Strong malware protection
Malware attacks are a danger to your customer data and can find their way in in spite of SSL protection and an encrypted server connection via VPN. Part of preventing malware is addressing the human element and ensuring everyone in your business is educated on the basic principles of cybersecurity. Tools can also scan through your eCommerce website and detect and prevent forms of malware from finding nesting grounds. Hypernode includes a malware scanner, for more information see our support page.

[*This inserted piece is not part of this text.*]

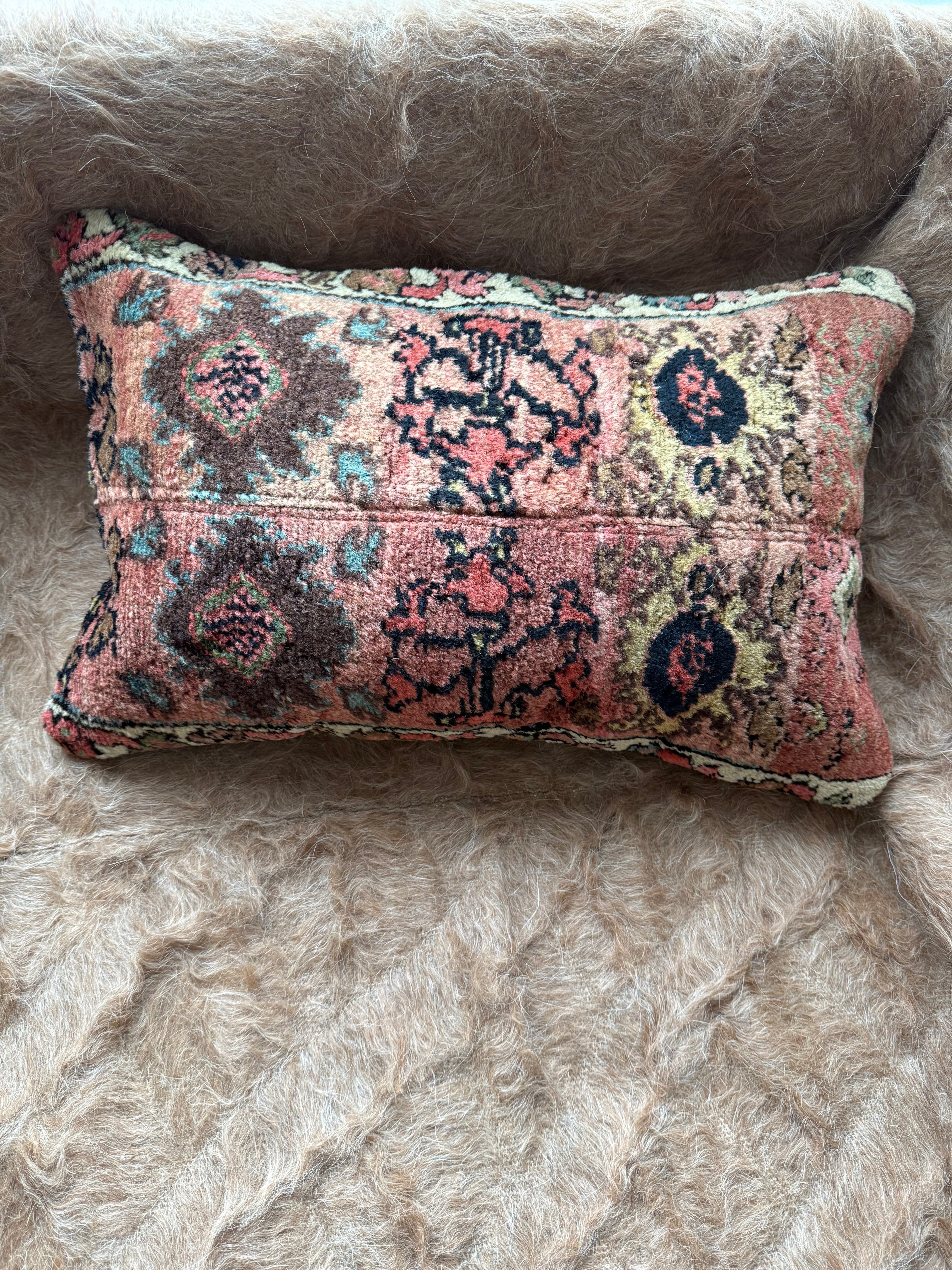 ラグの端の部分を中央で縫い合わせ、ほぼ毛が薄くなっていない豊かな部分を生かして作られています。

Ensure a secure online checkout process
Secure payment systems are pretty much a must have for any e-commerce store. This is a PCI-compliant tool which can encrypt information being transferred during the payment process. The Payment Card Industry Data Security Standard, or PCI DSS, is a global data security standard supported by most credit card scheme vendors. Ensuring that your website and/or your merchant service provider has a PCI-compliant way for customers to pay is of vital importance to their safety.
Time for a breather
No guide to protecting your e-commerce store can cover everything, no matter how exhaustive. Yet by acting to protect your data and your customers you can reduce your exposure significantly and sleep a little easier. If you can, try and put as many of these best practices into place. The best thing we can do is to stay vigilant and keep up to date with best practices. That way we can try to stay one step ahead of bad actors and safeguard customers and commercial performance.